[Opening PROVIDED RECORDS section]
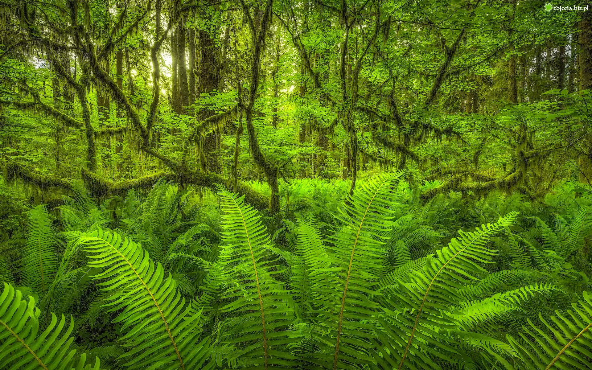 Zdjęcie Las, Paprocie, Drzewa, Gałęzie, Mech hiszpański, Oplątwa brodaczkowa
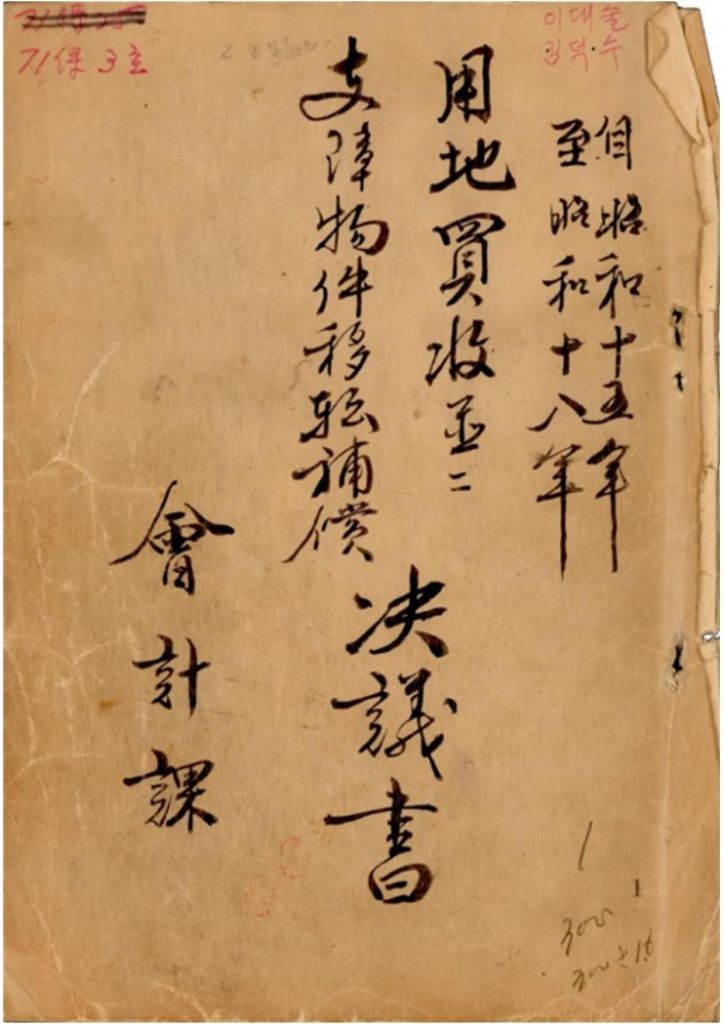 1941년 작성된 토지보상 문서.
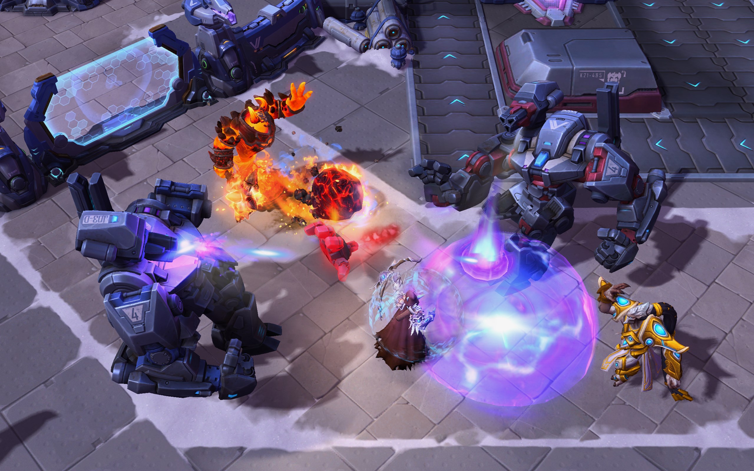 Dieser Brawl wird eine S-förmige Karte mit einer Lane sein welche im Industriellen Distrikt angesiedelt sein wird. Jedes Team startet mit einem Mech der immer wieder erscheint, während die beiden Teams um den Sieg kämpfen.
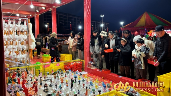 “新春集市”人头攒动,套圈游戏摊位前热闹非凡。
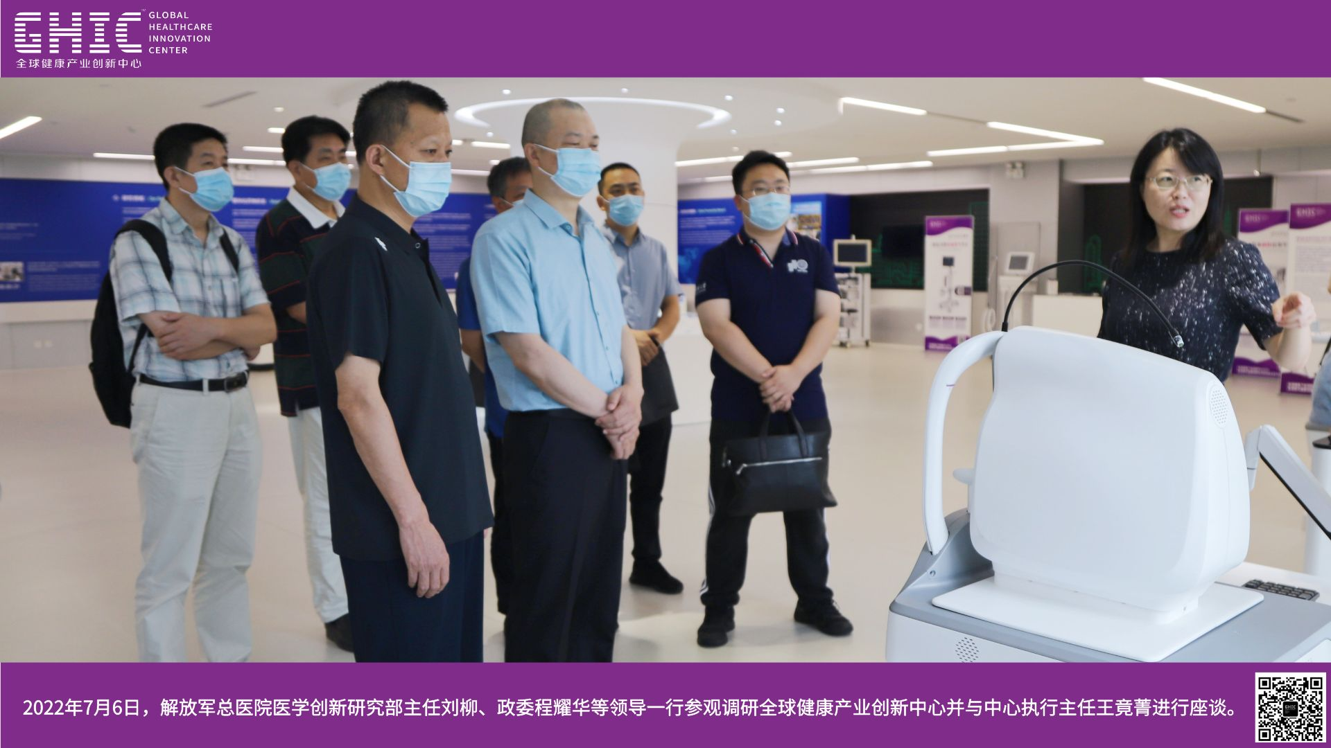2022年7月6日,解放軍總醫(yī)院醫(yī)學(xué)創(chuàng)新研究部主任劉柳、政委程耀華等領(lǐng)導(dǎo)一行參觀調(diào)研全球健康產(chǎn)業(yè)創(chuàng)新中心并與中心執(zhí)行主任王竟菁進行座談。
[Closing PROVIDED RECORDS section]
## [EXERCISE GOAL]
Your answer should be an exact copy of the records above, with no pictures in it.

## [YOUR SOLUTION]
 Zdjęcie Las, Paprocie, Drzewa, Gałęzie, Mech hiszpański, Oplątwa brodaczkowa
 1941년 작성된 토지보상 문서.
 Dieser Brawl wird eine S-förmige Karte mit einer Lane sein welche im Industriellen Distrikt angesiedelt sein wird. Jedes Team startet mit einem Mech der immer wieder erscheint, während die beiden Teams um den Sieg kämpfen.
 “新春集市”人头攒动,套圈游戏摊位前热闹非凡。
2022年7月6日,解放軍總醫(yī)院醫(yī)學(xué)創(chuàng)新研究部主任劉柳、政委程耀華等領(lǐng)導(dǎo)一行參觀調(diào)研全球健康產(chǎn)業(yè)創(chuàng)新中心并與中心執(zhí)行主任王竟菁進行座談。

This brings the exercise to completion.